The Somerset countryside, however, could not be equalled, and, wrapped up in a warm anorak, scarf and gloves, Alex enjoyed ambling alone along the quiet rural lanes and through the silent woods adjacent to Moorlands on tranquillity-restoring walks she remembered Shirley telling her about more than a decade before.
Enjoying herself, though, wasn’t the reason for her being here, she reminded herself firmly, no matter how much the moor beckoned or the country lanes offered a diversion from the house and her reluctant awareness of a man she despised and yet who, contrarily, could make her pulses throb with more than just angry resentment whenever she was in his company.
As had happened that morning, when he had left her, to all intents and purposes, browsing through the books in Page’s study.

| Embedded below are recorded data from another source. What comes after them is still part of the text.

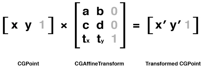用CGPoint的每一列和CGAffineTransform矩阵的每一行对应元素相乘再求和,就形成了一个新的CGPoint类型的结果。要解释一下图中显示的灰色元素,为了能让矩阵做乘法,左边矩阵的列数一定要和右边矩阵的行数个数相同,所以要给矩阵填充一些标志值,使得既可以让矩阵做乘法,又不改变运算结果,并且没必要存储这些添加的值,因为它们的值不会发生变化,但是要用来做运算。
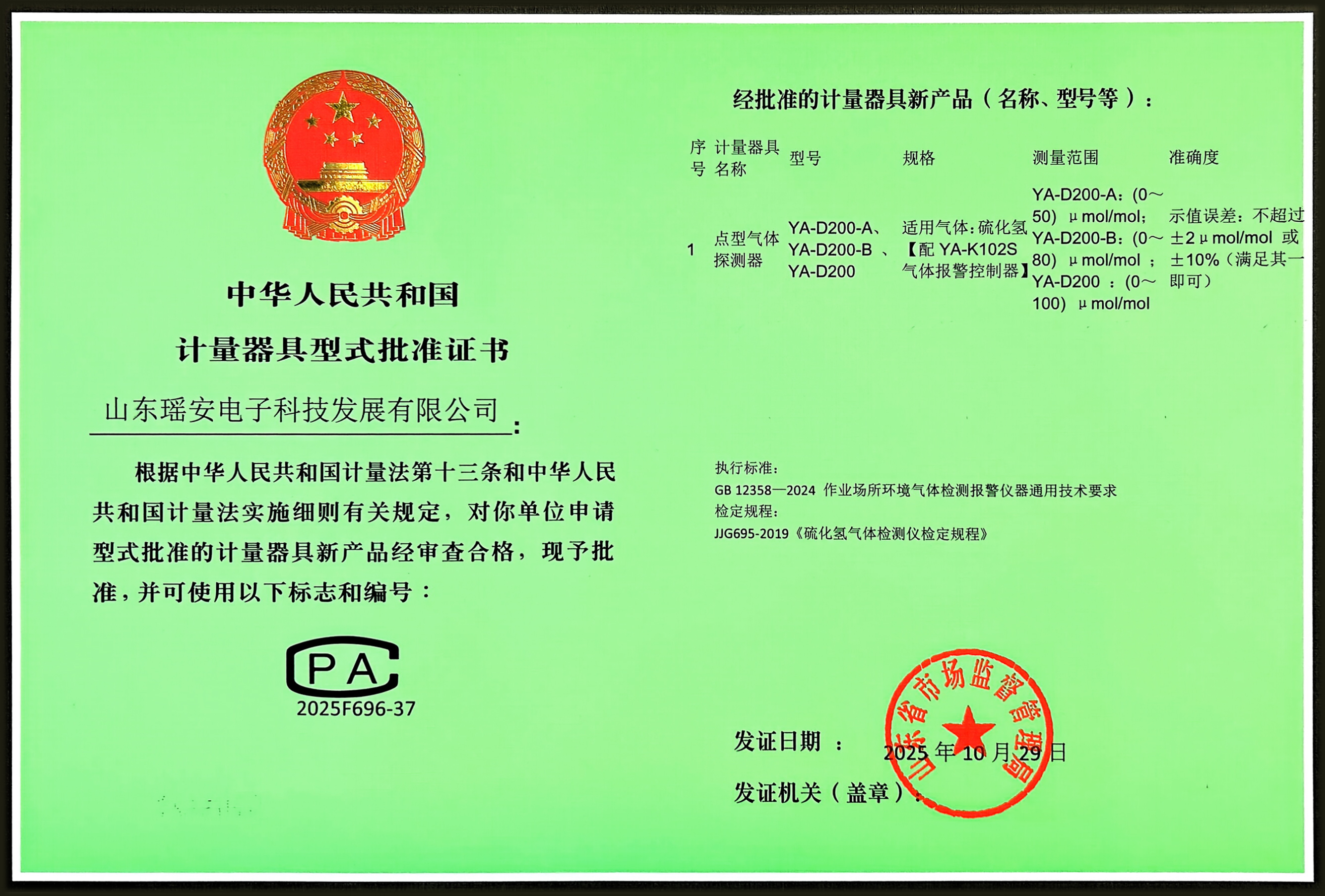YA-D200 点型气体探测器 硫化氢 计量器具型式批准证书
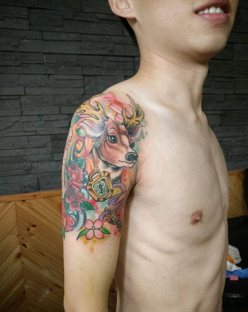 当前位置: 首页 >江苏省苏州市纹身店-昆山木鱼堂纹身工作室纹身图案>彩色小鹿,纹身图片
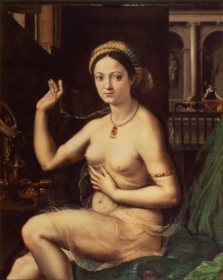 manierismus · schleier · spiegelbild · perlenkette · armbinde · eitelkeit · busen · nacktheit · nackt · Pushkin Museum, Moscow, Russia / Bridgeman Images
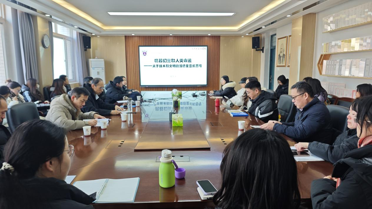 1月5日上午,南京大学2026年国际足联世界杯博士生导师胡大平教授应邀为2026年国际足联世界杯师生做“幻觉机器与人类命运:波德里亚现代性批判视角中的人工智能”专题讲座。讲座由副经理王立洲教授主持,马院师生共计40余人参会。
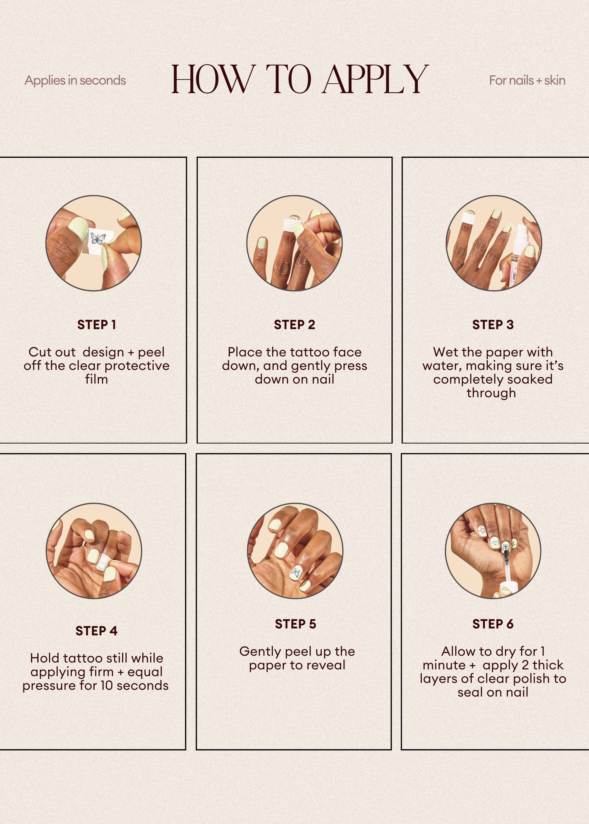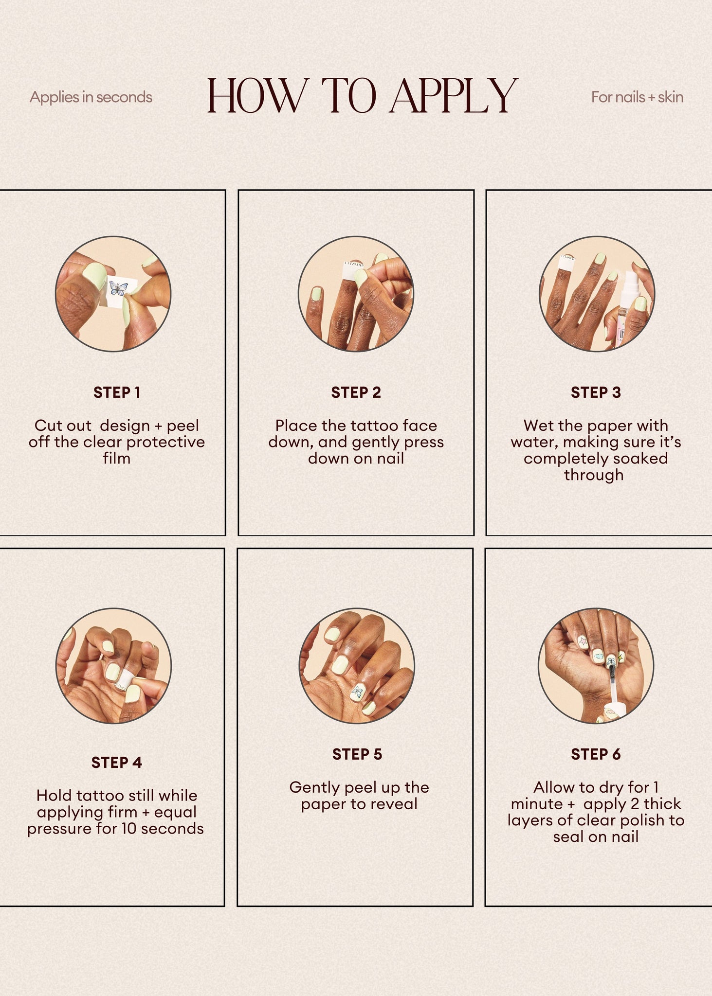 For nail art tattoos: after applying, let tattoo dry for about 1 minute and apply two thick layers of clear top coat to seal on your nail. Pro tip: Apply another layer of top coat every few days to extend the life of your nail tat!
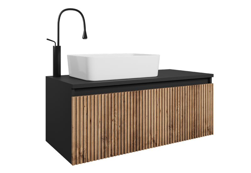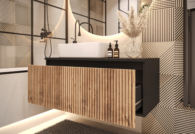 Kúpeľňová skrinka pod umývadlo WOTANA. Je vyrobená z kvalitných materiálov a vybavená ABS hranou, ktorá chráni pred mechanickým poškodením a vlhkosťou. Skrinka poskytuje dostatok úložného priestoru v podobe jednej zásuvky, ktorej čelo je nápadito zdobené. Skrinka vhodne kombinuje dekor dreva dub wotan s čiernou farbou a prípadne si ju môžete doplniť o štýlové umývadlo vrátane batérie a sifónu.
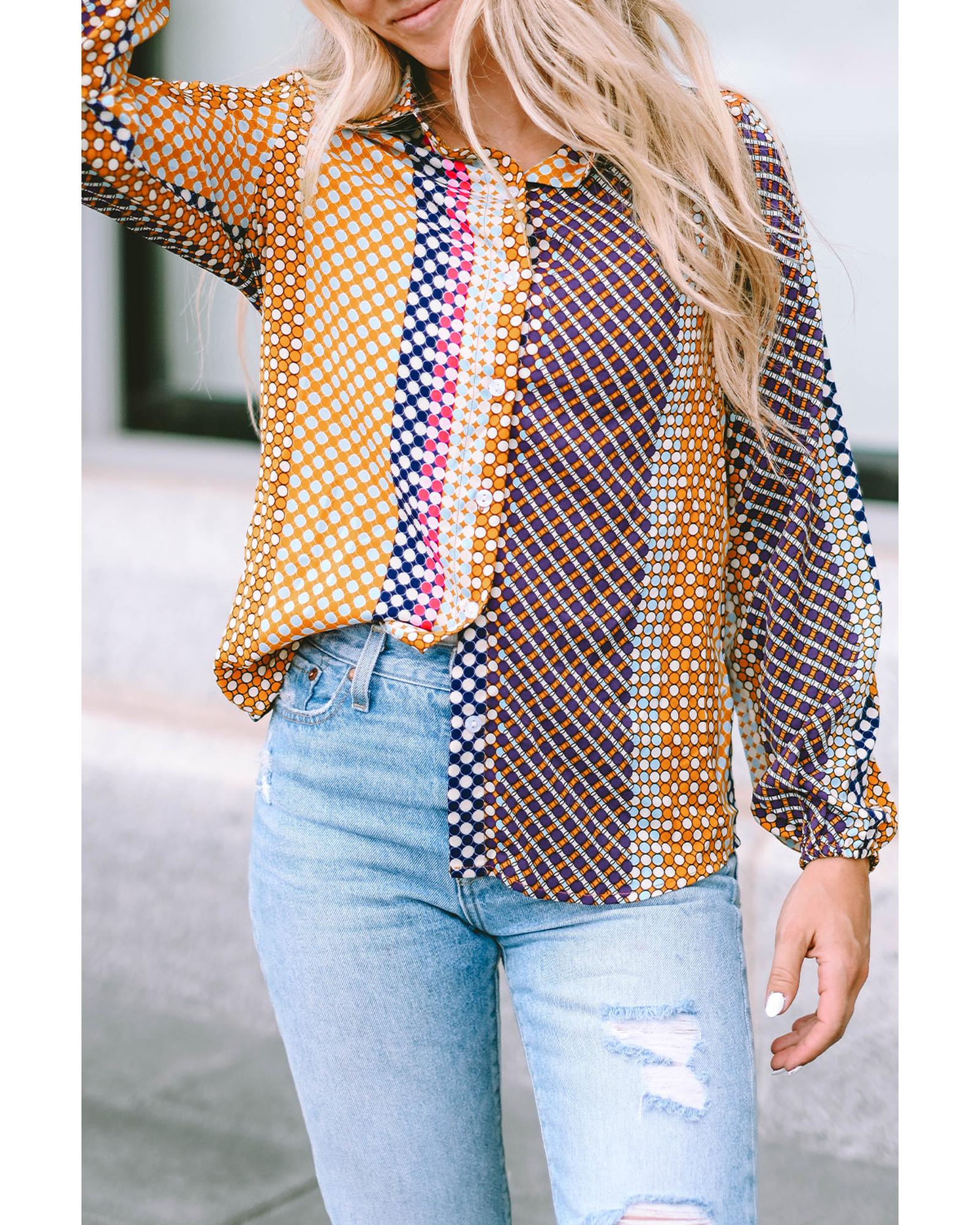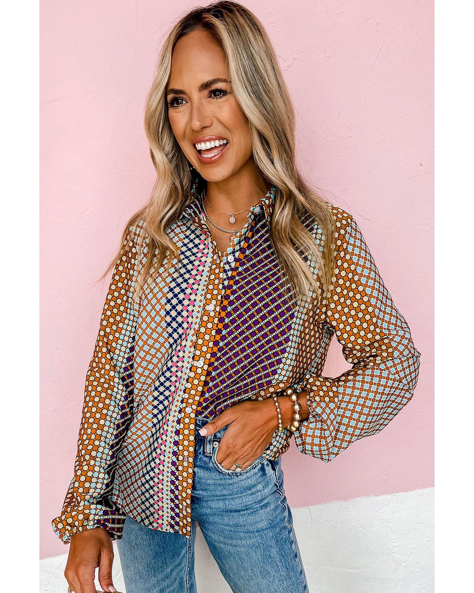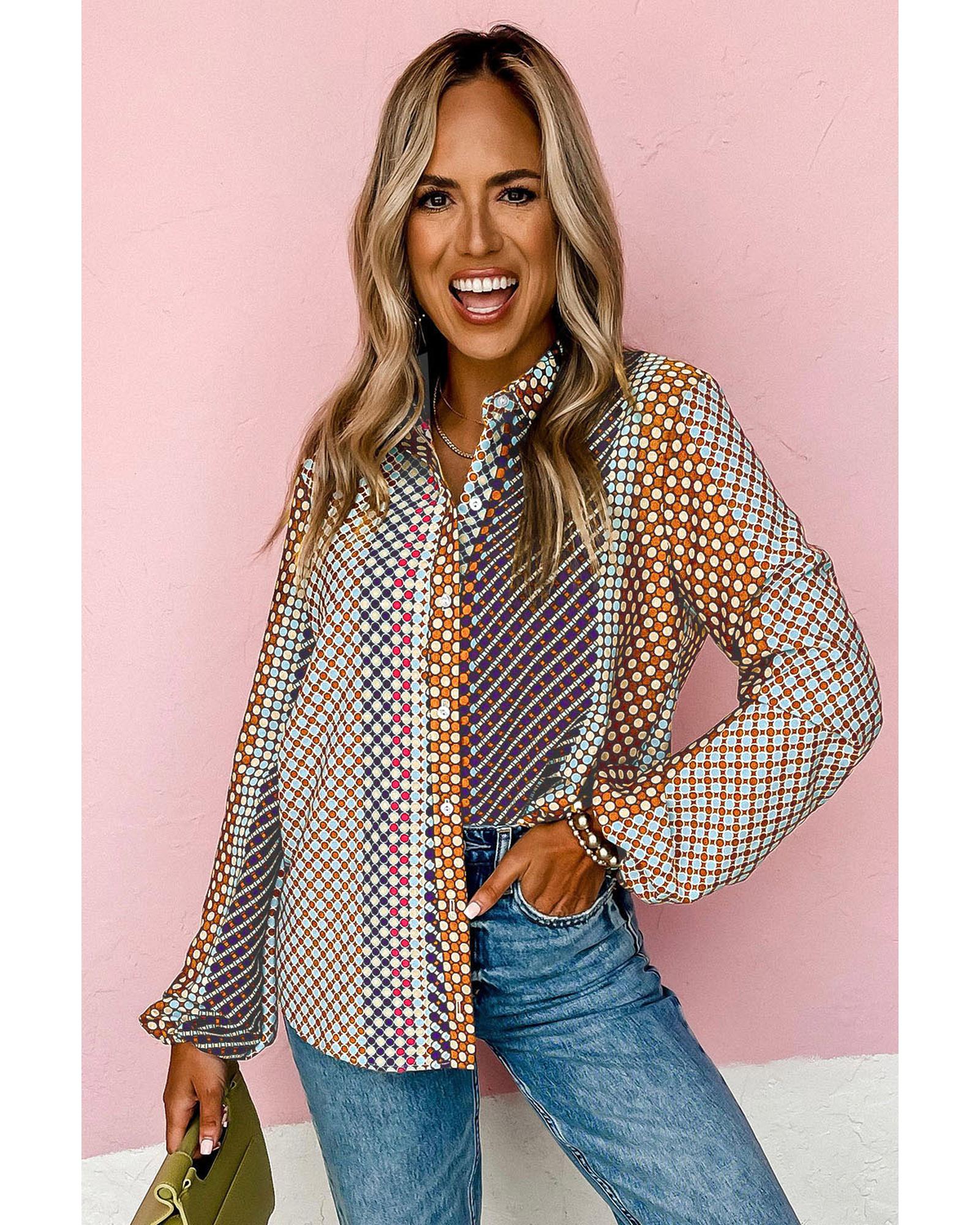 This long sleeve dot print button down shirt offers a stylish and versatile addition to any wardrobe. Designed with an elegant dot pattern, it combines a flattering fit with a classic button-down closure, making it suitable for both casual and formal occasions.

Having caught sight of a photograph sticking out of one of the pigeon-holes in the bureau, she had been so absorbed by other things the bureau had to offer, which included more old photos—mainly of the family, she presumed—as well as some interesting postcards, that she hadn’t heard anyone come in until York’s voice had cut startlingly through the silence.
‘What the hell do you think you’re doing?’
Alex started, knocking something off the blotter as she swivelled round on her chair.
‘N-nothing,’ she uttered inanely. ‘I—I saw a photograph I thought was of Shirley and I suppose I just got carried away.’
From the hard cast of his features, he clearly didn’t believe her.
‘Were you looking for something in particular?’
Alex swallowed, wondering if the dryness in her throat stemmed from guilt or just from his sheer vitality as he stood there in that immaculate grey suit. It was a hard, restless vitality that seemed at odds with the bleak austerity of the room, with its tall mahogany clock and bookcases and the imposing ambience of what had once been his uncle’s very private sanctum. But wouldn’t he enjoy hurting her if he knew!
‘Nothing in particular…’
‘Then what were you doing in here under the pretext of looking at books? And what’s this?’ Casually he fingered the pointed leaf of a potted miniature daffodil she hadn’t been able to resist in town the previous afternoon, and which she had placed on a low-standing bookcase just inside the door.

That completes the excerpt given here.